Start of Working data
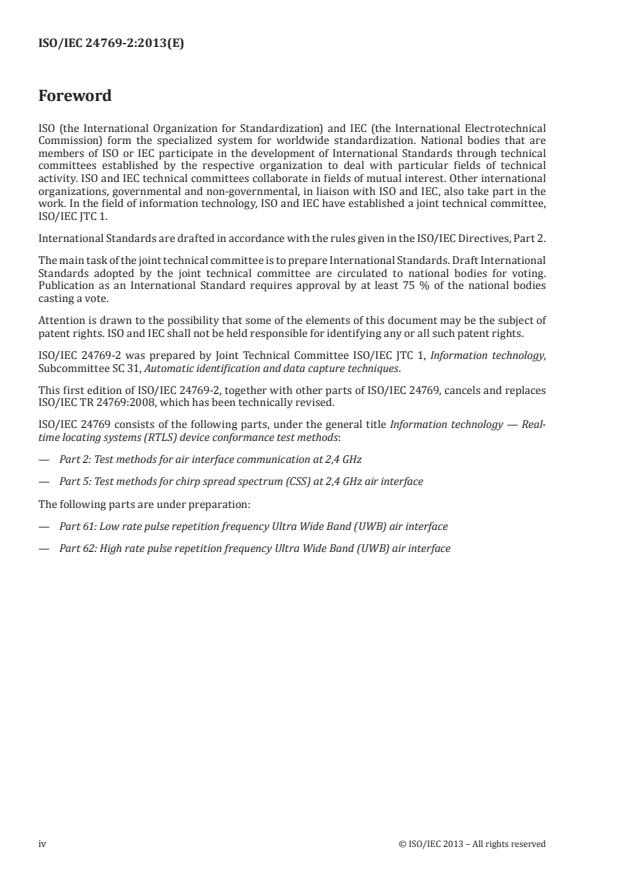 ISO/IEC 24769-2:2013 is a standard published by the International Organization for Standardization (ISO). Its full title is "Information technology — Real-time locating systems (RTLS) device conformance test methods — Part 2: Test methods for air interface communication at 2,4 GHz". This standard covers: ISO/IEC 24769-2:2013 defines the test methods for determining the conformance of 2,4 GHz real-time locating system (RTLS) tags with the specifications given in the corresponding subclauses of ISO/IEC 24730-2, but does not apply to the testing of conformity with regulatory or similar requirements. The test methods require only that the mandatory functions, and any optional functions which are implemented, be verified. This may in appropriate circumstances be supplemented by further, application-specific functionality criteria that are not available to the general case. The RTLS tag conformance parameters included in ISO/IEC 24769-2:2013 include the mandatory direct sequence spread spectrum (DSSS) 2,4 GHz radio frequency beacon. It also includes the optional on-off keyed, frequency shift keyed (OOK/FSK) short-range radio frequency link and the optional magnetic air interface. Unless otherwise specified, the tests in ISO/IEC 24769-2:2013 apply exclusively to RTLS tags defined in ISO/IEC 24730-2.
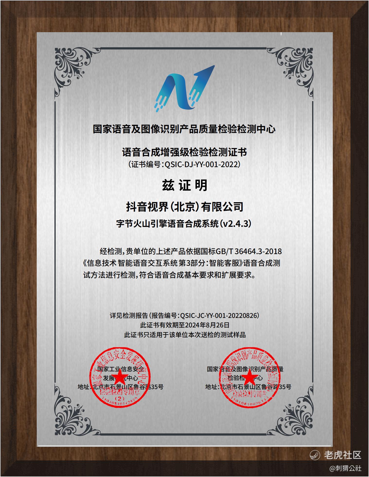 作为我国质检系统在人工智能领域的首家、也是唯一的国家级语音及图像产品质量检验检测机构,AI 国检中心一直致力于推动智能语音产业的健康发展。本次获得AI国检中心的权威认证,也充分表明了火山语音的语音合成技术能力已达到行业领先水平。
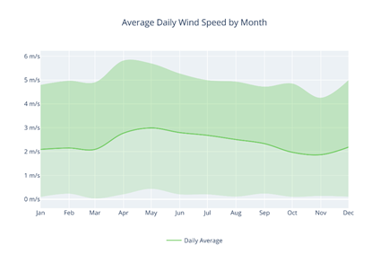 • Average Daily Wind Speed by Month: Shows mean, max, and min wind speeds
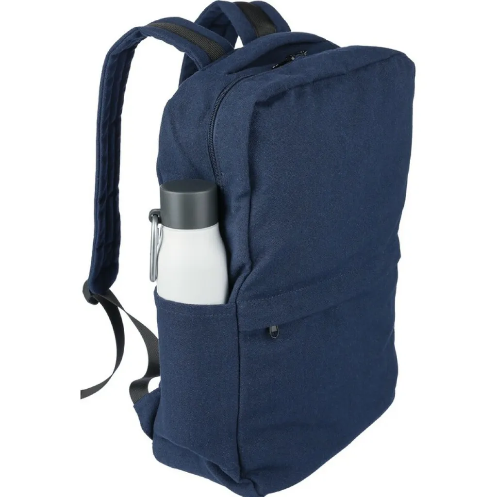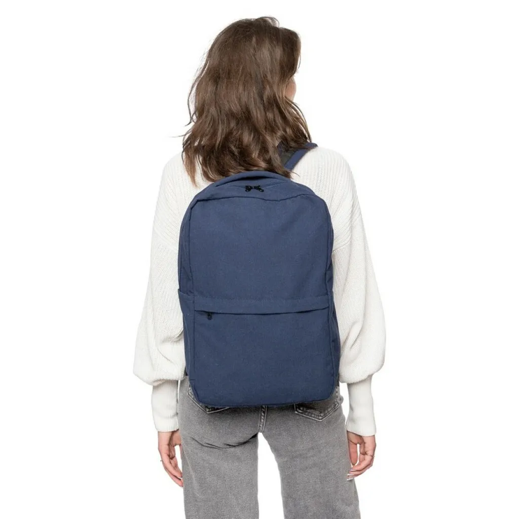 Laptop backpack 15", features a large zippered compartment with a padded 15-inch laptop compartment, two inner compartments, two outer compartments, including a side compartment, a small zippered front pocket, the design includes padded adjustable carrying straps and a handle, capacity: 14L, carrying capacity: 13 kg, product made from recycled polycotton (330 gsm), a 210D polyester lining
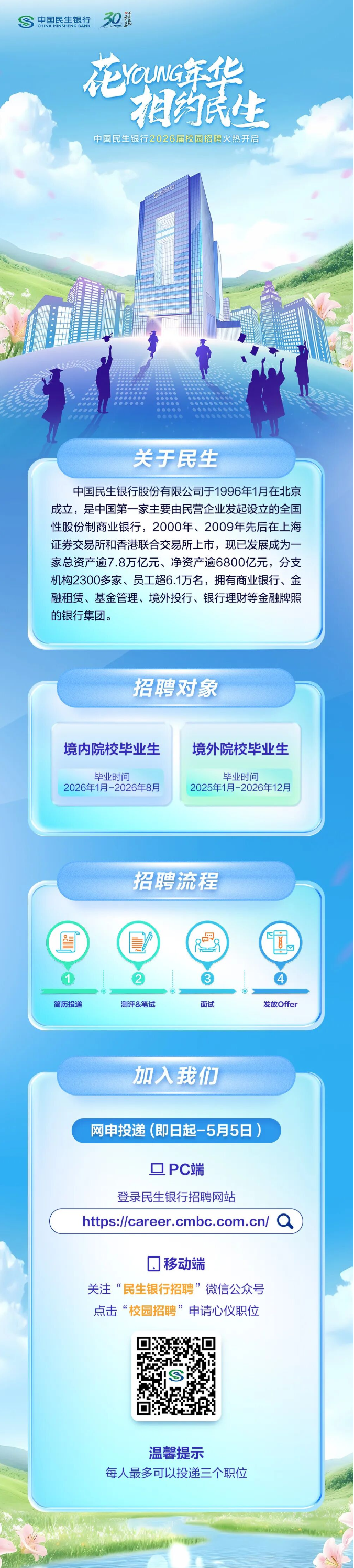 简历投递链接:https://career.cmbc.com.cn/ 本文信息搜集整理自互联网,信息版权及活动解释权归主办单位所有,我爱竞赛网仅作媒体支持。 请仔细看正文,正文里有报名办法,或者报名官网。
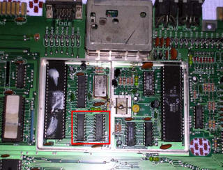 4. You'll see two 4 bit x 16K chips, labeled 1416 or something like that.
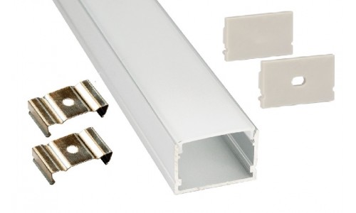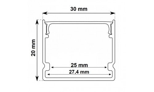 Perfil de aluminio de superficie de 30x20mm. Barra de 2 metros. Para tira LED El precio incluye: Tira perfil, 2 tapas finales, 2 grapas fijación y difusor.
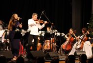 Pěvecké dívčí trio Tři barvy doprovázené muzikanty s folklórním srdcem návštěvníky naladili na sváteční notu. Nejen vánočními písněmi jako třeba Bílé Vánoce, ale také muzikálovou či filmovou hudbou Ennia Morriconeho, od nějž zaznělo například Jednoho dne se vrátíš. Jedna světová melodie střídala druhou, stejně jako se střídaly žánry. Muzikanti hráli mistrovsky a s citem, což posluchači ocenili.
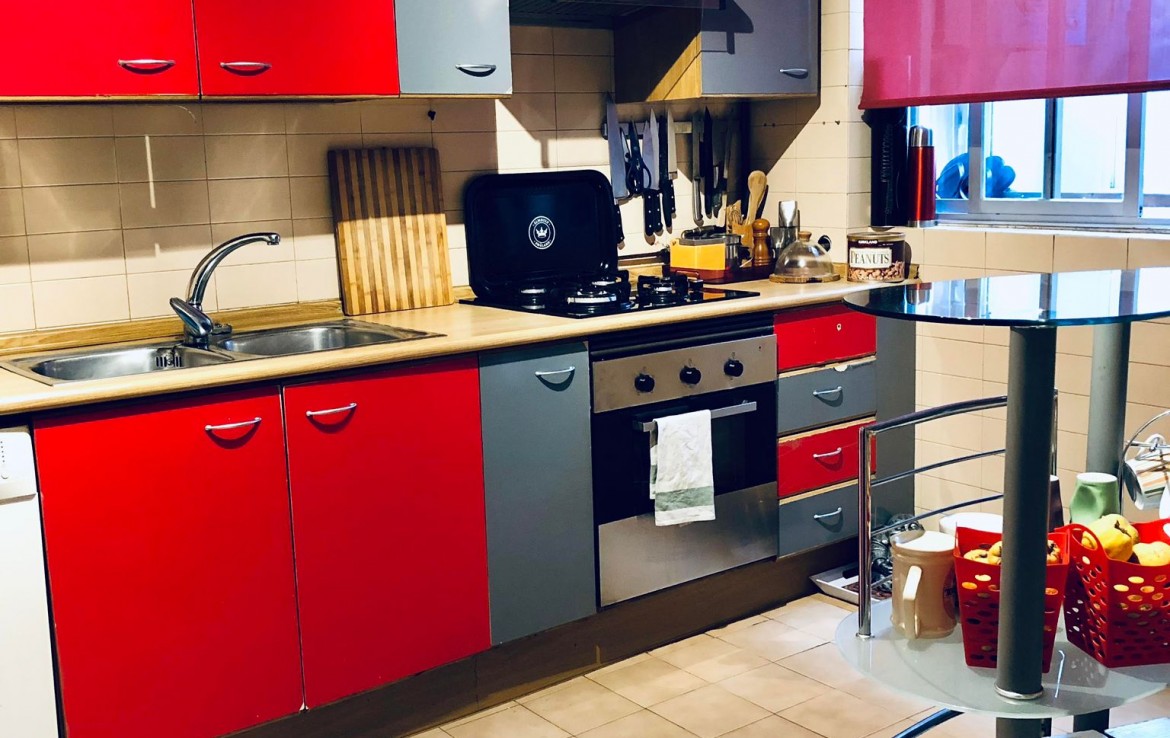 A continuación, nos encontramos con la cocina que se encuentra totalmente amueblada con mobiliario alto y bajo de gran capacidad y que dispone de buen tamaño para disponer de una mesa con sillas para comensales. Anexada a esta, encontramos un tendedero que aumenta el almacenaje de la cocina.
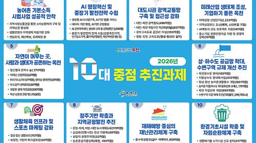 옥천군이 26일 2026년 군정 운영의 핵심 방향을 담은 10대 중점 추진과제를 발표하고, 군민 삶의 질 향상과 지속 가능한 지역성장을 위한 정책 추진에 나선다.이번에 …
End of Working data
What you return should match the entries word for word, pictures aside.

## [Exercise output]
 ISO/IEC 24769-2:2013 is a standard published by the International Organization for Standardization (ISO). Its full title is "Information technology — Real-time locating systems (RTLS) device conformance test methods — Part 2: Test methods for air interface communication at 2,4 GHz". This standard covers: ISO/IEC 24769-2:2013 defines the test methods for determining the conformance of 2,4 GHz real-time locating system (RTLS) tags with the specifications given in the corresponding subclauses of ISO/IEC 24730-2, but does not apply to the testing of conformity with regulatory or similar requirements. The test methods require only that the mandatory functions, and any optional functions which are implemented, be verified. This may in appropriate circumstances be supplemented by further, application-specific functionality criteria that are not available to the general case. The RTLS tag conformance parameters included in ISO/IEC 24769-2:2013 include the mandatory direct sequence spread spectrum (DSSS) 2,4 GHz radio frequency beacon. It also includes the optional on-off keyed, frequency shift keyed (OOK/FSK) short-range radio frequency link and the optional magnetic air interface. Unless otherwise specified, the tests in ISO/IEC 24769-2:2013 apply exclusively to RTLS tags defined in ISO/IEC 24730-2.
 作为我国质检系统在人工智能领域的首家、也是唯一的国家级语音及图像产品质量检验检测机构,AI 国检中心一直致力于推动智能语音产业的健康发展。本次获得AI国检中心的权威认证,也充分表明了火山语音的语音合成技术能力已达到行业领先水平。
 • Average Daily Wind Speed by Month: Shows mean, max, and min wind speeds
 Laptop backpack 15", features a large zippered compartment with a padded 15-inch laptop compartment, two inner compartments, two outer compartments, including a side compartment, a small zippered front pocket, the design includes padded adjustable carrying straps and a handle, capacity: 14L, carrying capacity: 13 kg, product made from recycled polycotton (330 gsm), a 210D polyester lining
 简历投递链接:https://career.cmbc.com.cn/ 本文信息搜集整理自互联网,信息版权及活动解释权归主办单位所有,我爱竞赛网仅作媒体支持。 请仔细看正文,正文里有报名办法,或者报名官网。
 4. You'll see two 4 bit x 16K chips, labeled 1416 or something like that.
 Perfil de aluminio de superficie de 30x20mm. Barra de 2 metros. Para tira LED El precio incluye: Tira perfil, 2 tapas finales, 2 grapas fijación y difusor.
 Pěvecké dívčí trio Tři barvy doprovázené muzikanty s folklórním srdcem návštěvníky naladili na sváteční notu. Nejen vánočními písněmi jako třeba Bílé Vánoce, ale také muzikálovou či filmovou hudbou Ennia Morriconeho, od nějž zaznělo například Jednoho dne se vrátíš. Jedna světová melodie střídala druhou, stejně jako se střídaly žánry. Muzikanti hráli mistrovsky a s citem, což posluchači ocenili.
 A continuación, nos encontramos con la cocina que se encuentra totalmente amueblada con mobiliario alto y bajo de gran capacidad y que dispone de buen tamaño para disponer de una mesa con sillas para comensales. Anexada a esta, encontramos un tendedero que aumenta el almacenaje de la cocina.
 옥천군이 26일 2026년 군정 운영의 핵심 방향을 담은 10대 중점 추진과제를 발표하고, 군민 삶의 질 향상과 지속 가능한 지역성장을 위한 정책 추진에 나선다.이번에 …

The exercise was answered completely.